I have heard: a great surgeon – one of the most famous of his country – was retiring at the age of seventy-five. People retired at the age of sixty, but the surgeon was so valuable, and even at the age of seventy-five his expertise was so accurate…he had never failed in any operation. He was a brain surgeon. An exception was made, and he was allowed to work for as long as he wanted. At seventy-five, he himself said, “It is now enough.”
All his students – and there were hundreds of students who learned surgery from him – and all his colleagues gathered and they were celebrating the evening to say good-bye to him. They were dancing and drinking and singing, and suddenly somebody became aware that the surgeon was not there. This was strange. Somebody went out to look for him. The surgeon was sitting in the garden, under a tree, in darkness. They were old friends. He asked, “What is the matter with you? We have all gathered to celebrate and you have left us, you are sitting here in darkness.” He was one of the best attorneys in the country, and was also the attorney for the surgeon.

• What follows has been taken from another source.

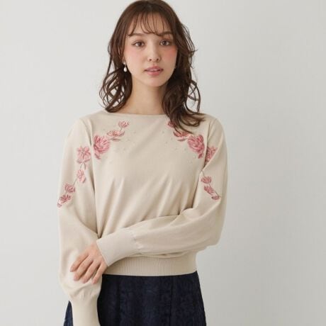 華やかなフラワー刺繍が目を惹くハイゲージニットプルオーバー。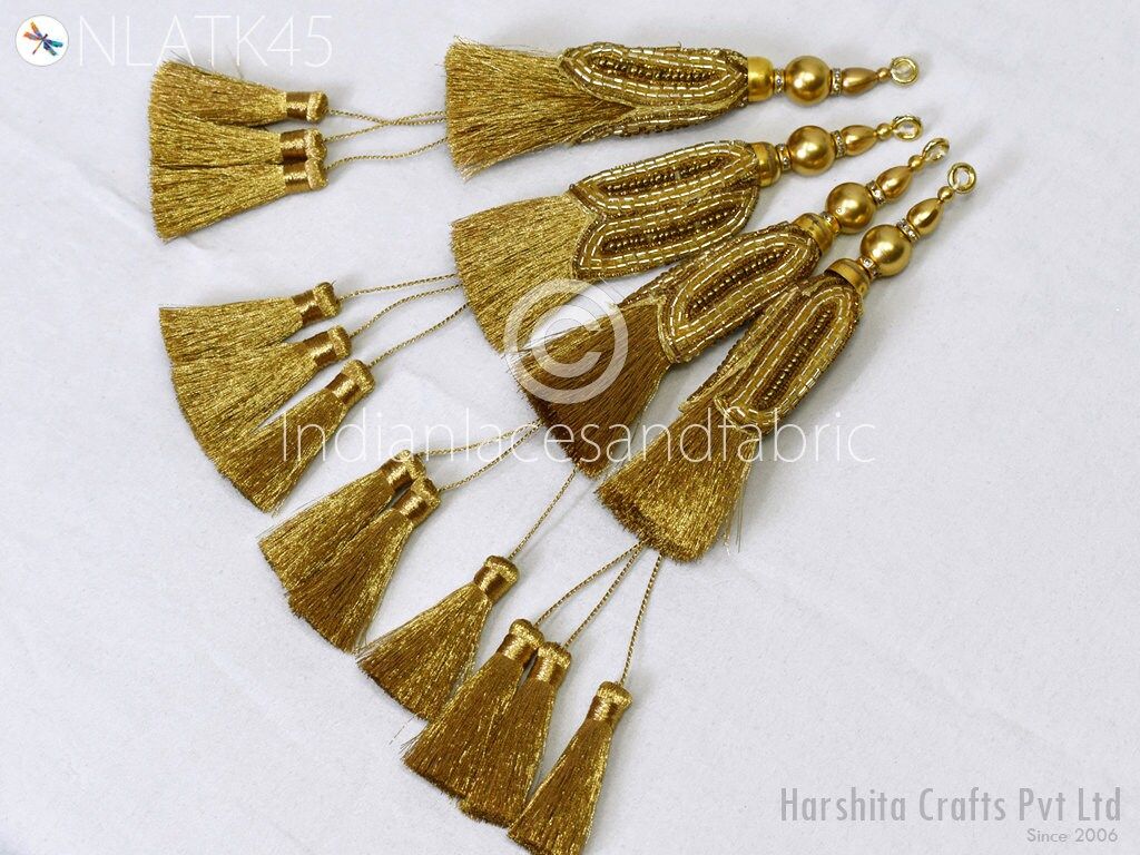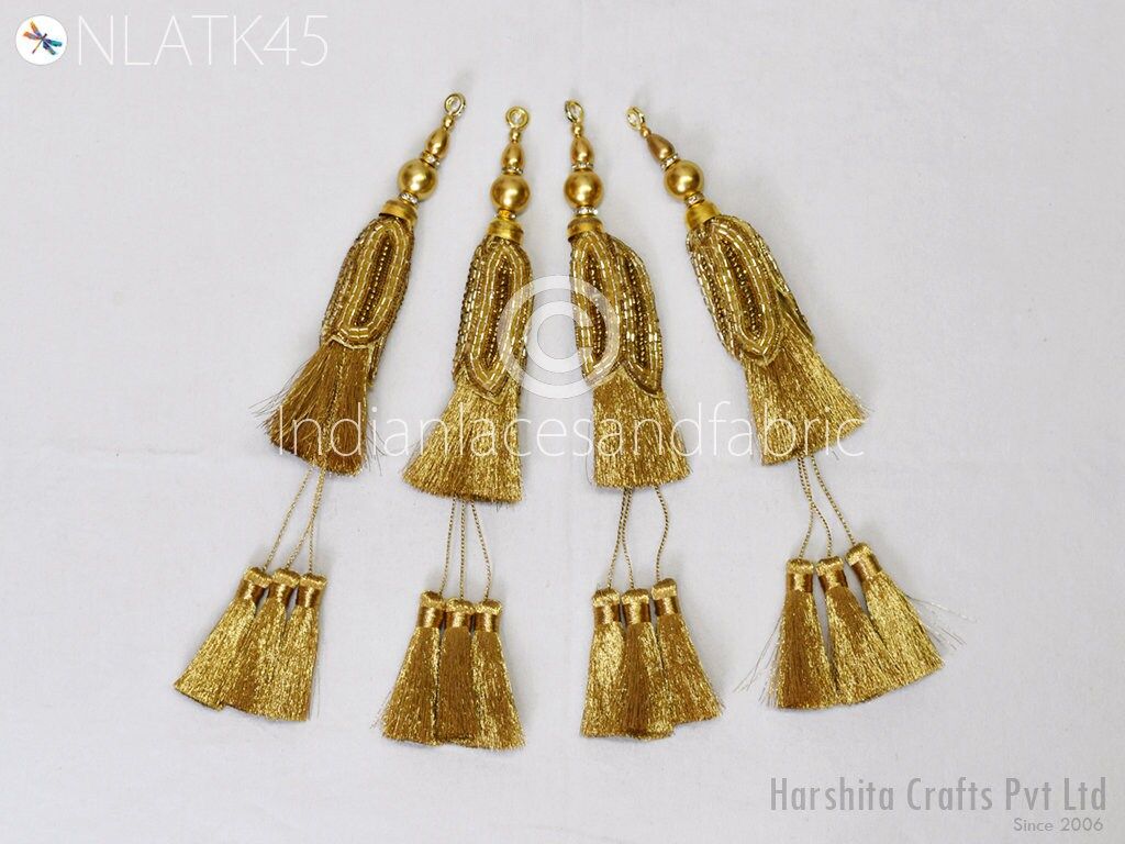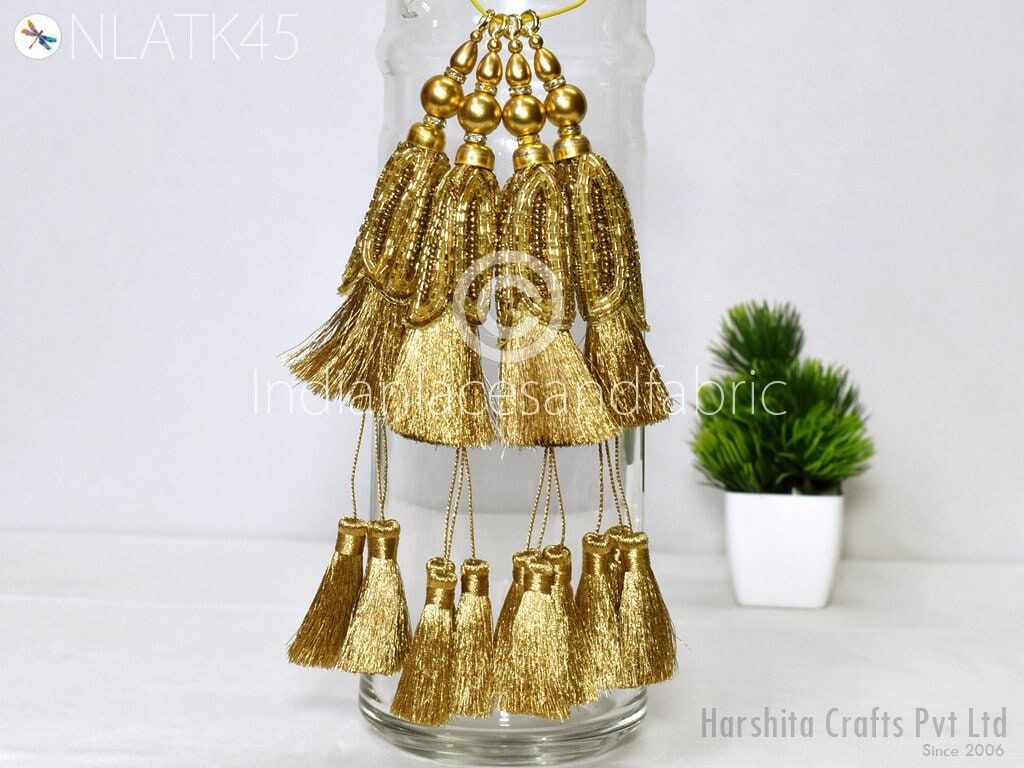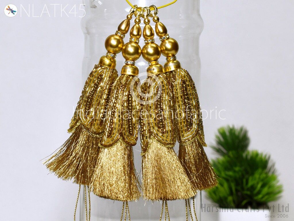 Gold Beaded Tassels: Indian Handmade Jewelry Charms (8 Pc)

The surgeon said, “It is because of you that I am sitting here. You may have perhaps forgotten that fifty years ago, when I was only twenty-five and I had married just two years before…it was a love marriage, but within two years the love turned into hate. You were my attorney. I had come to you to ask, ‘If I kill my wife what will be the consequence?’ And you said, ‘Don’t do such a thing. You will spend at least fifty years in jail.’
“And I am sitting here thinking that if I had not listened to your advice, you idiot, today I would have been free. Just because of fifty years in jail, I thought it was better to somehow carry on as everybody else is doing – perhaps out of the same fear. The woman is doing it out of the same fear, the man is doing it out of the same fear. And I am feeling so angry with you that it feels like I should shoot you! You are responsible for spoiling my whole life, and you think you are a great law expert – all bullshit!”
Why does love turn into hate? Why does friendship turn into enmity? What goes wrong? It has nothing to do with individuals; it has something to do with the very fabric of relationship. Relationship depends on expectations. And man is not capable, he is helpless…neither is any woman capable of fulfilling anybody else’s expectations. And when those expectations are not fulfilled, frustration sets in; things start going wrong.
It is just because of the poverty of language that we have to use the word relationship for the strange experience that transpires between master and disciple. But it is not a relationship, not the relationship that you know, it is a category in itself. And you have understood it perfectly well – it is a moment-to-moment experience, with no demands, no expectations.
The master is available, the disciple is receptive, and between this availability and this receptivity some miracle transpires; something happens for which no word exists. And because it is not a relationship it never grows old – it is always fresh, it is always young. Each time you come to the master the experience is not a repetition.